The current study doesn't attempt to address the normal versus cancer or normal versus normal question. Rather, we view the current work as a profiling study of E-cad methylation across the NCI-60 cancer cells. Accrual of differences in methylation during carcinogenesis is well accepted in the field, having been studied by several other groups, and documented extensively (5, 6, 8–10, 16, 21, 44, 59).

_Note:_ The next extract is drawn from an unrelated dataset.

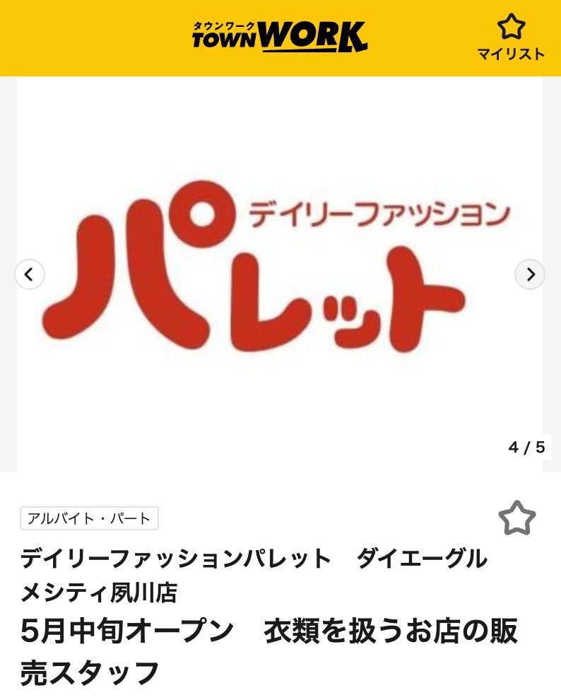 デイリーファッションパレット ダイエーグルメシティ夙川店のアルバイト・バイト求人情報|【タウンワーク】でバイトやパートのお仕事探しより引用
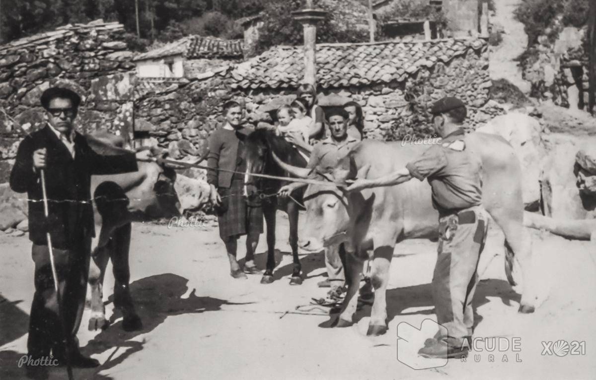 Cuando el peregrino pasaba por Oia podía contemplar la vida cotidiana de las gentes del pueblo, tal y como se puede apreciar en esta bonita imagen en la que vemos a una familia y sus vacas, la maquinaria del siglo pasado.

In conclusion, this review provides a detailed profile of the promoter region methylation status of E-cad in the NCI-60 cell lines and delineates the relationship of that methylation to silencing of the gene. It reports a bimodal distribution of methylation and a major difference in methylation between epithelial and nonepithelial cancer cells types. It also indicates that CpG site no. 4 is partially methylated in cell lines that both transcribe E-cad and have low overall methylation levels, consistent with the idea that site no. 4 is a seed for the methylation process, and perhaps that there is differential methylation of the two DNA strands. Analysis of the association between promoter region methylation and expression of E-cad led to the novel finding of an apparent threshold at ∼20% to 30% methylation beyond which E-cad expression is effectively silenced. Based on the results, we have analyzed the relationship of E-cad methylation and expression to the sensitivity of compounds tested in the NCI-60 screen. The results will be presented separately.¹³

Overall, this study provides a type of detailed analysis of promoter region methylation that can be applied to additional cancer-related genes. The implications for therapy are clear in that the DNA methylation states of individual genes have proved useful as biomarkers for individualization of therapy (60, 61).